/HuShih

Primary LanguagePython

HuShih

Environment setup

We will be managing the training environment using conda. If you don't have conda installed, please follow the installation guide from conda.

conda create -n hushih python=3.7
conda deactivate # deactivate the current enviroment to minimize conflicts
conda activate hushih
cd ~/HuShih
pip install -r requirements.txt

Data download and setup

Note, the google drive link is provided here for convenience of the project. And the link will be disabled once the CS229 Autumn 2020 class concludes. If you wish to use gdown to download models from google drive, please go to the appropriate sources, get the permission to download, and manage the files on your own.
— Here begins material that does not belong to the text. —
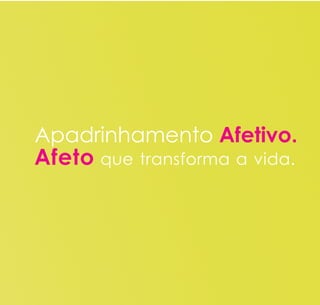 A organização RECRIAR busca promover os direitos de crianças em abrigos à convivência familiar através de projetos como o Apadrinhamento Afetivo, que permite a criação de laços entre crianças/adolescentes e voluntários dispostos a oferecer apoio afetivo e participação familiar fora do ambiente institucional, sob acompanhamento de uma equipe técnica.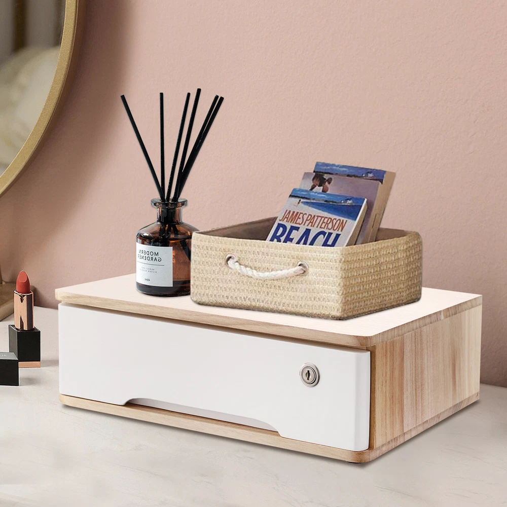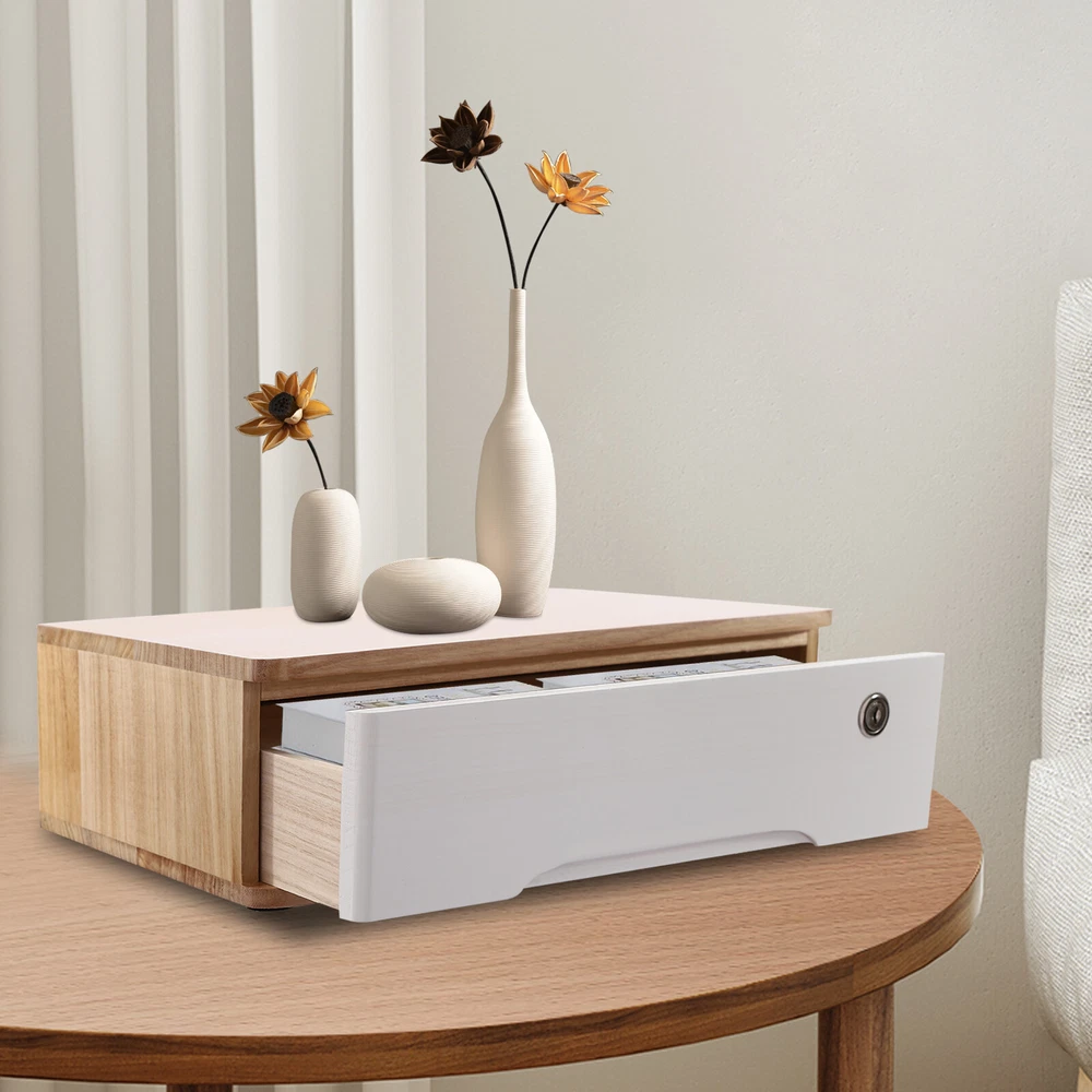Specifications Color: Original Wood Color, White Style: Modern Shape: Rectangular Material: Wood Process: Oil-based Painting Mount Type: Tabletop Assembly Required: No Indoor/Outdoor Usage: Indoor Door Style: Drawer, Lock Number of Drawers: 1 Gross Weight: 3kg/ 6.61 lbs Product Size: 40*28*12cm/ 15.75*11.02*4.72 in Package Size: 45*33*17cm/ 17.72*12.99*6.69 in Desktop Storage Box w/ Lockable Drawer Wooden Office Supplies Drawer Organizer Description Do you need an organized space on your desktop? This desktop storage box is the solution you need. Whether you need to store your daily office supplies or personal items, it will meet your needs. The premium wood is durable and the simple construction allows for easy clean-up. The secure lock keeps your stored items away from prying eyes for your convenience. Own it and bring more comfort to your life! Key Features Quality and Sturdy: The product is made of high-quality wood, using oil-based painting technology, with high strength, and wear resistance , ensuring its beauty and long-time use. Storage Assistant: Its considerable capacity drawer can store files, medicines, and other daily necessities, creating a cleaner and tidier office and home environment for you. Meanwhile, the top platform can also place some potted plants, calendars, etc., making full use of the space. Minimalist Style: The original wood color and white with simple rectangular shapes and smooth lines creates a minimalist aesthetic, making it suitable for most office décor and adding a touch of sophistication to your room. Privacy Protection: The locking design ensures that stored items inside are secure and isolated from outside view, and comes with two keys so you don't forget them for your convenience. High Stability : The thickened material and flat rectangular construction give it excellent stability for storing a variety of items without tipping over. Easy to Clean: The smooth surface and angular structure design allow you to easily remove dust from the surface of the product with a towel. Ready to Use : What you receive will be an already assembled product, so you can use it directly, which is very convenient and time-saving. Nice Gift: This practical and beautiful product is a great holiday or housewarming gift for family, friends, and lovers so that they can enjoy a more exquisite life. Details Round Corners: They are burr-free, which is comfortable to touch, and can care for your skin. Recessed Handle: It helps you open and close the drawer conveniently. Non-slip Mat: 4 non-slip pads can be mounted on the bottom to prevent the product from sliding and avoid scratching the table. Application It can be placed in the office, study, dresser, and more to store stamps, sticky notes, paper clips, scissors, bills, pens, pencils, business cards, notepads, jewelry, hair accessories, etc. Specifications Color: Original Wood Color, White Style: Modern Shape: Rectangular Material: Wood Process: Oil-based Painting Mount Type: Tabletop Assembly Required: No Indoor/Outdoor Usage: Indoor Door Style: Drawer, Lock Number of Drawers: 1 Gross Weight: 3kg/ 6.61 lbs Product Size: 40*28*12cm/ 15.75*11.02*4.72 in Package Size: 45*33*17cm/ 17.72*12.99*6.69 in Package Included 1* Desktop Storage Box 2* Keys 4* Non-slip Mats Notes Please note that the log product is subject to wood knots, scabs, mineral threads, etc., but it's normal. Please make sure that you do not mind before purchasing. Please note that this product does not include files and other storage items. Please place the product flat and try to avoid direct sunlight, and please do not put the furniture directly on the air conditioning or warm side, to avoid deformation and cracking of the furniture by moisture. Please allow the slight color difference caused by the shooting light and 1-3cm error due to manual measurement and make sure you do not mind before ordering. Payment Delivery details Terms of sales About us Contact us Payment We accept ebay payment 。 Fees such as import duties, taxes are not included in the item price or shipping costs. These charges are the buyer's responsibility. Delivery details Shipping: 2-9 working days to: USA Terms of sales We maintain high standards of excellence and strive for hundred percent customer satisfaction. Feedback is very important to us. We hope that you contact us immediately before you give neutral or negative feedback, so that we can address your concerns. It is impossible to address issues if we do not know about them! About us Your satis faction is our ultimate goal. We work hard to earn your trust and future business. Our certified technicians have tested each item before shipping. The unit comes with 1 year limited warranty on all manufacturing defects. a) If you receive a defective item, you may return it or ask for a discount. Please contact us within 14 days after you receive the package. b) What you returned must be intact and in its original packaging as re? u. Customer is responsible for shipping costs of the returned item. c) We will cover the cost of shipping back t with the shipping rate indicated in the registration page. We will send you a new unit or refund the full payment you paid. Thank you. Contact us Business Hour Business Hour: Monday To Friday: 8:30 AM to 5:00 PM (Beijing China time) Due to time zones, our reply to your questions may not be immediately. But within above working time, we will reply your email within 24 hours. If it's non-workdays, please kindly be patient and wait till Monday. Please contact us with ebay message. Please feel free to contact us if you have any questions. Monday To Friday: 8:30 AM to 5:00 PM (Beijing China time) Due to time zones, our reply to your questions may not be immediately. But within above working time, we will reply your email within 24 hours. If it's non-workdays, please kindly be patient and wait till Monday. Please contact us with ebay message. Please feel free to contact us if you have any questions. Brand Unbra

Download chinese_wwm_ext_L-12_H-768_A-12 tensorflow ckpts from Chinese-BERT-wwm.

cd ~/HuShih
mkdir model; cd model
mkdir chinese_wwm_ext_L-12_H-768_A-12; cd chinese_wwm_ext_L-12_H-768_A-12
gdown https://drive.google.com/uc?id=1Lf3uofzLyshD__2t9tFlN7Mh7G1j6z9U
unzip chinese_wwm_ext_L-12_H-768_A-12.zip

Download LCSTS2.0 data from LCSTS. (Please go through the application process to download the data.)

cd ~/HuShih
mkdir data; cd data
# download pre-processed training.csv to save time
gdown https://drive.google.com/uc?id=1QdWhAWtGcBytsiYCJz7k5DVs7WhjNiHs
touch PART_I.xml
gdown https://drive.google.com/uc?id=1swFnIc0fI4aAtl2JcW-BvzNnKKIowt_I
unzip LCSTS2.0.zip

Start Training

Bring up server to compute BERT LM score using tensorflow

cd ~/HuShih/src
python lm_score/bert_lm_server.py

Bring up client to train DecoderEncoderModel using pytorch

cd ~/HuShih/src
python training.py

By running training.py, you can train the BERE2BERT summarization model using pretrained chinese summarization.

NOTE: when you first run training.py, it takes anywhere between 10-20 minutes to preprocess the data.